Con il sonetto Tacito orror di solitaria selva , una forma metrica estremamente tradizionale della letteratura italiana, entriamo in un clima pre-romantico: la foresta solitaria e terribile procura al poeta uno stato di beatitudine non soltanto mentre vi entra realmente, ma anche solo ricordandone la permanenza passata. Questo tema della memoria diventerà, qualche anno dopo, dominante nella produzione poetica di Leopardi. È tipicamente romantica la corrispondenza tra l’io lirico del poeta e il paesaggio che lo circonda e, proprio in questa identificazione con un ambiente che gli è congeniale, Alfieri trova la pace e la beatitudine.

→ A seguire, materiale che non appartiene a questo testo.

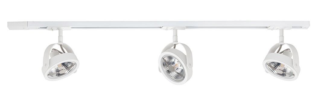 Complete rail compleet met lengte 1 meter incl. 3 industriële spots AR111 EXCL. Led G9. Verkrijgbaar in  wit. De spots zijn schuifbaar in de rail. NOG 1 STUK!!
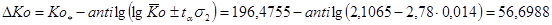 Граница доверительного интервала по Ко:
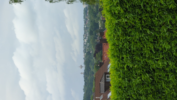 dense, green hedge in the foreground, obscuring the view of a residential neighborhood in Wuppertal, Germany

Alfieri, nelle terzine, in cui si passa da un tono emotivo a uno più argomentativo, asserisce, poi, di non essere misantropo,ossia di non disprezzare gli uomini in generale, ma piuttosto l’epoca pavida, priva di eroismo e virtù e asservita ai despoti in cui si trova, suo malgrado, a vivere; ed ecco il motivo per il quale la selva gli è particolarmente cara: poiché gli consente di isolarsi e di non pensare ai mali del tempo presente, dunque il suo tormento interiore trova ora anche una giustificazione “storica”. È un fiero e “superiore” isolamento rispetto alla mediocrità comune, che si adatta particolarmente alla fortissima personalità e alla mentalità agonistica di Alfieri.

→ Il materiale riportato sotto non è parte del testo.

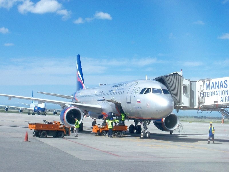 Произведена посадка в аэропорту Бишкек-Манас. Московское время 12:26.

La ricerca dell’isolamento dell’io lirico era già presente in Petrarca, ma certamente le differenze tra i due poeti e le due epoche sono molto profonde: tanto i versi petrarcheschi erano pacati e limpidi, quanto quelli alfieriani risultano aspri, vibranti, tendenti al titanico e al sublime derivante proprio da ciò che è orrendo (quel delighful horror teorizzato, proprio in questi anni, dall’inglese E. Burke). È calzante, a tale proposito, una definizione del critico Momigliano su Alfieri: «La sua poesia – lirica o tragica – non è sentimentale contemplazione di se stesso, ma rivelazione, scoppio, impeto di furore». Lo conferma anche lo stile aulico, denso di retorica, prevalentemente ipotattico, che rispecchia la tensione contenutistica.

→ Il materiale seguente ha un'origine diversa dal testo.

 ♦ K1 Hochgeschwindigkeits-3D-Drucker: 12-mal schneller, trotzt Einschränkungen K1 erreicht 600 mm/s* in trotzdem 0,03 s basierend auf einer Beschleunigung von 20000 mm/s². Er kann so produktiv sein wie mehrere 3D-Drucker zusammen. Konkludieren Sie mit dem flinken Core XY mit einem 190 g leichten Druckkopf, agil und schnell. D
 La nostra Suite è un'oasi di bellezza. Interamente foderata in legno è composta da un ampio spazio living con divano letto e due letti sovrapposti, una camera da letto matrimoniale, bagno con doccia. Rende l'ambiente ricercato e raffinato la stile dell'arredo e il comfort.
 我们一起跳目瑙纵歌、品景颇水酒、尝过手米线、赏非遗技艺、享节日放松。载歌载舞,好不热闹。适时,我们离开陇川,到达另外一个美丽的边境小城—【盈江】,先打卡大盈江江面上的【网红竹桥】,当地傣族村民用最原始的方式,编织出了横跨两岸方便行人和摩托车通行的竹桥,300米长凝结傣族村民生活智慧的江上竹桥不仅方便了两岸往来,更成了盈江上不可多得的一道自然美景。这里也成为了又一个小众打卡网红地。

In Tacito orror di solitaria selva troviamo, infine, chiari echi del modo di procedere dantesco, soprattutto nella creazione dei due neologismi “rinselva” e “inselva”, entrambi contenenti al loro interno la parola-chiave “selva”, ma il significato da attribuire alla selva è completamente opposto rispetto alla Commedia: là era luogo di smarrimento e perdizione morale, qui è luogo di pace, quiete e beatitudine. Un ulteriore richiamo all’Inferno è nel “buon sentier”, che richiama evidentemente la “diritta via smarrita” dantesca.